LLVM, toolbox for portability of code

Logo LLVM émergeant d'un ordinateur

LLVM provides it with the IR code (Intermediate Representation) it produces. The object language is quite similar to assembly, and optimizations on the code, which would be difficult to produce and maintain on a high-level language, bring it the required speed. The IR is then executed by a Just In Time compiler that translates almost directly into machine code.

LLVM (Low Level Virtual Machine) is more than a virtual machine, but also a compiler infrastructure, a set of tools written in C++ and running on Linux and Unix systems, and Windows.
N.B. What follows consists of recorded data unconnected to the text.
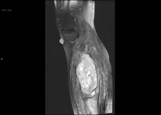 专科检查骨科情况右小腿后侧可触及8cm*3cm大小实性肿物,质中,可移动,边界不清,压痛。局部皮肤无溃破糜烂,皮温正常。左下肢感觉无异常,肌力、肌张力正常。 MRI:左侧小腿巨大软组织肿块,考虑肿瘤性病变,低度恶性可能性大,伴左侧腓骨受压变形。建议活检。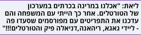 ליאת: "אתן לא מאמינות. נכון אכלנו במרינה הזאת בכרתים במערכון של הטורטלים, במסעדת דגים? הייתי שם שוב. זוכרות, סיימנו ומתנו לישון והיה כזה דייג, ג'ובאני, שהעמיס מלא דגים שדגו היום, שעתיים עלי גפן ואנחנו רק רוצות לישון ויש פתאום עיקריות! בקיצור, הייתי עם המשפחה ואני אומרת להם, 'פה אכלנו'. התיישבנו, והם עידכנו את התפריטים. יש תפריטים של מפורסמים שסעדו פה, ליידי גאגא, ריהאנה, דניאלה פיק והטורטלים!!!"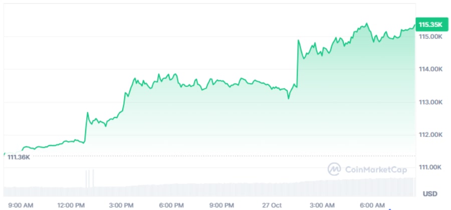 در ۲۴ ساعت گذشته و همزمان با بهبود امیدها نسبت به مذاکرات تجاری بین آمریکا و چین، بیتکوین توانست سطح ۱۱۵ هزار دلار را پس بگیرد. این ارز دیجیتال در این مدت ۳.۵ درصد رشد کرده و از ۱۱۱،۳۶۰ دلار به ۱۱۵،۳۵۰ دلار رسیده است. به این ترتیب، بیتکوین اکنون تقریباً ۸.۵ درصد پایینتر از رکورد تاریخی ۱۲۶،۲۰۰ دلاری خود در ۶ اکتبر قرار دارد.مذاکرات اخیر میان مقامات آمریکا و چین در مالزی، به یک چارچوب توافق مقدماتی منجر شده که هر دو طرف آن را گامی سازنده برای کاهش تنشهای تجاری توصیف کردهاند.

These tools work with the LLVM bitcode (and not bytecode) that is the packaging of the IR code into a distributable module.
The tools consist of the Clang compiler that supports four languages ​​and produces the bitcode or a binary executable, a code optimizer, the LLDB debugger, a linker, JIT virtual machines, an interpreter.
It was created by the University of Illinois and received the contribution of Apple which has mainly added Clang.

LLVM gives new life to old programs written in C, C++ or other languages ​​(all statically typed languages ​​can be compiled into IR). It can run on new systems. They can be converted into JavaScript (with Emscriptem) and run in browsers. Or to Portable Native Client, once translated into IR, which also works on any system...
LLVM is an alternative to Java with the addition of the Web as a target: its IR code may be compiled to Ams.js or to WebAssembly.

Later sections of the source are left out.